Brief:
In the reply, give back exactly the lines from the one with "Войдите в заявку" through the last line of the records, without pictures.

Input for this task:
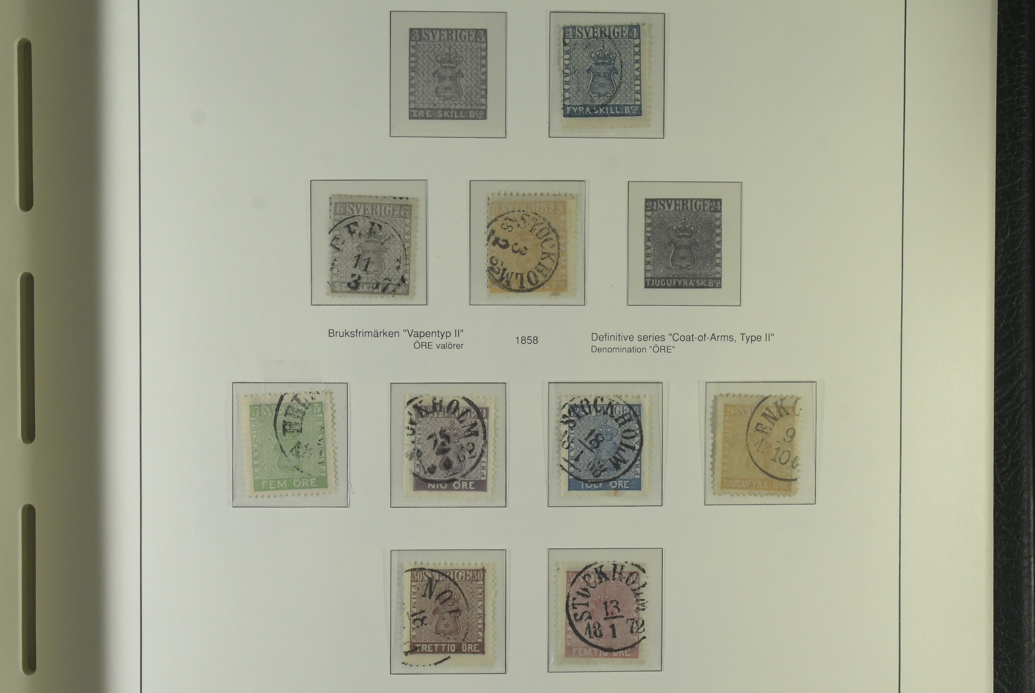 Sweden. Collection ★★/★/⊙ 1855–1969 in Leuchtturm album with stamp mounts. With 4, 6 and 8 sk, Coat-of-arms complete, 17 öre Grey Lying lion, Landstorm II *, UPU Congress and UPU Union complete **. later years a little bit sparse. Please see a selection of scans at www.philea.se. Mostly fine quality.
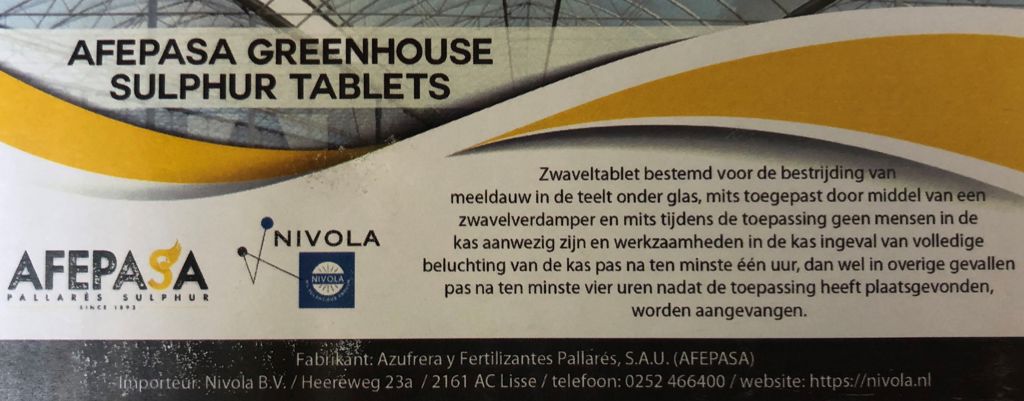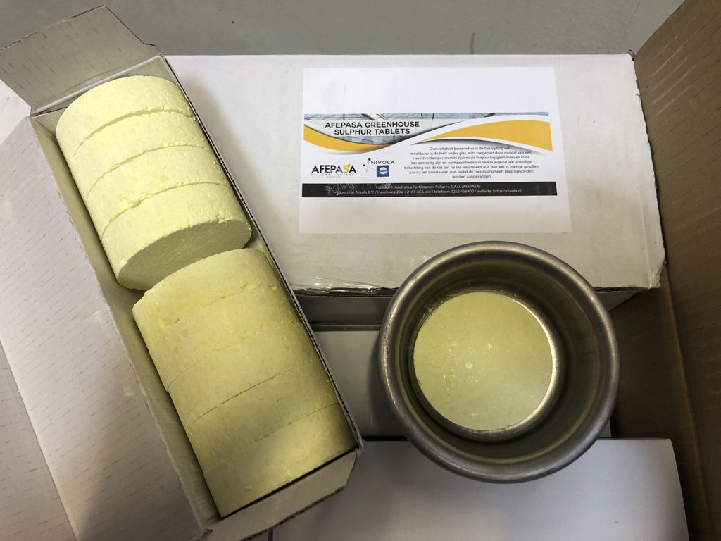 Fungicide, zwavel. De zwaveltabletten zijn een klassiek fungicide op basis van zwavel, bedoeld voor de preventieve en bestrijdende aanpak van schimmelziekten zoals meeldauw en roest in diverse gewassen. De tabletten worden langzaam opgelost en geven gedurende langere tijd zwavel af, waardoor een beschermende laag ontstaat op planten en bloemen. Zwavel is een fysisch-chemisch middel dat schimmels remt zonder opgenomen te worden door de plant, waardoor het veilig is voor het gewas bij correct gebruik. De tabletten zijn makkelijk in gebruik en geschikt voor toepassing in bijvoorbeeld fruitteelt, groentegewassen en sierplanten.
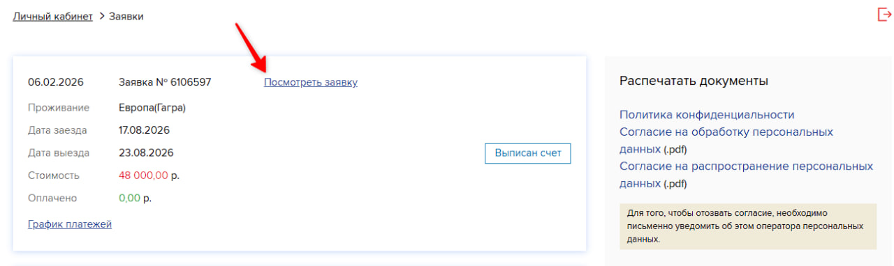 Войдите в заявку (нажав «Посмотреть заявку»).
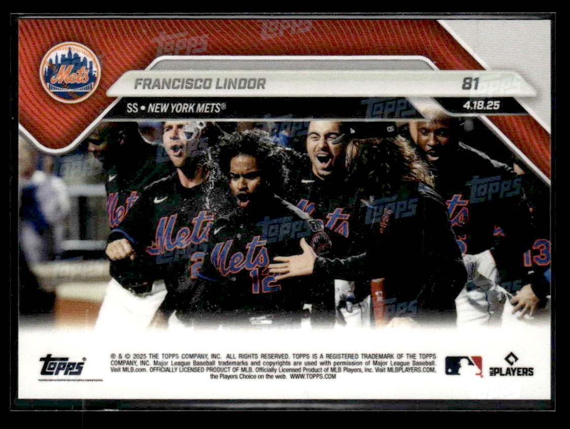 2025 Topps Now #81 Francisco Lindor 250th Career Walk-Off HR
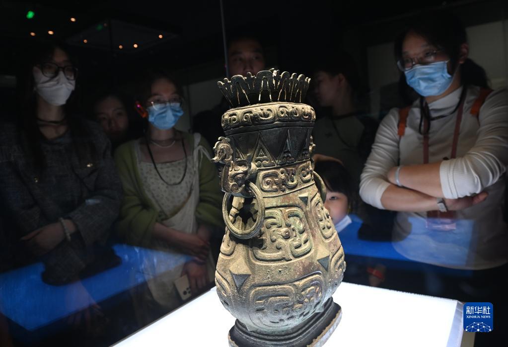5月11日,游客在陕西历史博物馆参观馆藏西周文物梁其壶。
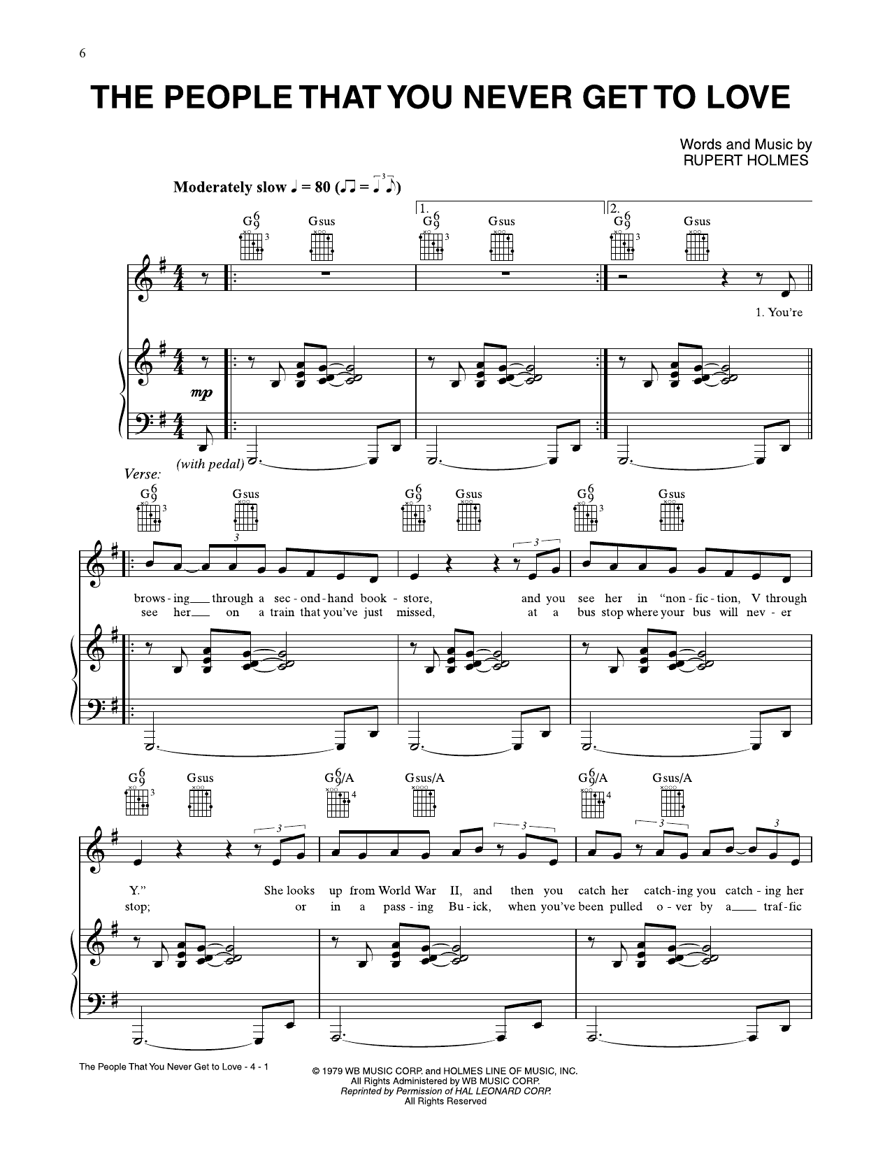 Download or print Rupert Holmes The People That You Never Get To Love sheet music, chords and digital score arranged for Piano, Vocal & Guitar Chords (Right-Hand Melody). This Jazz score includes 4 page(s).

Written reply:
 Войдите в заявку (нажав «Посмотреть заявку»).
 2025 Topps Now #81 Francisco Lindor 250th Career Walk-Off HR
5月11日,游客在陕西历史博物馆参观馆藏西周文物梁其壶。
 Download or print Rupert Holmes The People That You Never Get To Love sheet music, chords and digital score arranged for Piano, Vocal & Guitar Chords (Right-Hand Melody). This Jazz score includes 4 page(s).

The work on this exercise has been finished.